Print the listing below only from the line that has "Bandeja plástica trapezoidal" through the line that has "The Thorina Range", exactly, and drop any picture.

Provided records:
^^^^
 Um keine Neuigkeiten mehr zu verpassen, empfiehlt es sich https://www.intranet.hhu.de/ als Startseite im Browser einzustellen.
^^^^
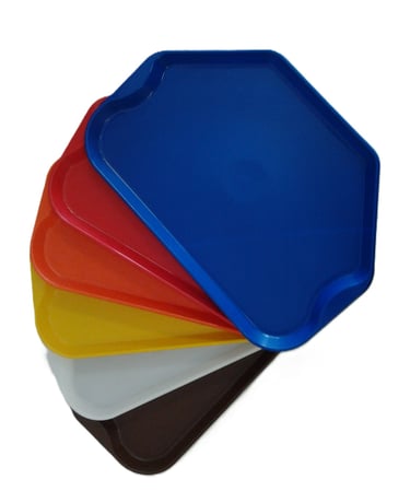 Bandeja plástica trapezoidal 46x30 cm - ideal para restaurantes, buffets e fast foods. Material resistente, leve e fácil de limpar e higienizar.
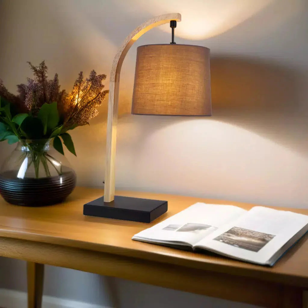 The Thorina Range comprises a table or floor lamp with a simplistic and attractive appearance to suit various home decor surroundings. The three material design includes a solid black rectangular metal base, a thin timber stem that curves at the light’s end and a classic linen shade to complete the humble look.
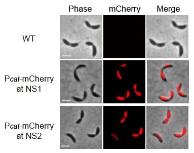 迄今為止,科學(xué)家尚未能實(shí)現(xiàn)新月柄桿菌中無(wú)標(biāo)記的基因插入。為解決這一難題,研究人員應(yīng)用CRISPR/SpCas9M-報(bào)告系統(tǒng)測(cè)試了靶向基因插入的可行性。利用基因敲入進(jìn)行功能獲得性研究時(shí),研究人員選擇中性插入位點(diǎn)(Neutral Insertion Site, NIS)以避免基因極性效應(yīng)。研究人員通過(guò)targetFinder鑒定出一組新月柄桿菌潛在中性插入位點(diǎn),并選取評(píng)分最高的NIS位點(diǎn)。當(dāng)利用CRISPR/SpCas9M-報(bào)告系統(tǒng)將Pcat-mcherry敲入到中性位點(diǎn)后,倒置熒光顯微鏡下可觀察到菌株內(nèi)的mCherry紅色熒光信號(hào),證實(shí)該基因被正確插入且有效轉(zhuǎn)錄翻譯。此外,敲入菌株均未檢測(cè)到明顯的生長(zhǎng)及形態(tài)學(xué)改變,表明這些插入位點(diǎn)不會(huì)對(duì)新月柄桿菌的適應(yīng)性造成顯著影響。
^^^^
Task solution:
 Bandeja plástica trapezoidal 46x30 cm - ideal para restaurantes, buffets e fast foods. Material resistente, leve e fácil de limpar e higienizar.
 The Thorina Range comprises a table or floor lamp with a simplistic and attractive appearance to suit various home decor surroundings. The three material design includes a solid black rectangular metal base, a thin timber stem that curves at the light’s end and a classic linen shade to complete the humble look.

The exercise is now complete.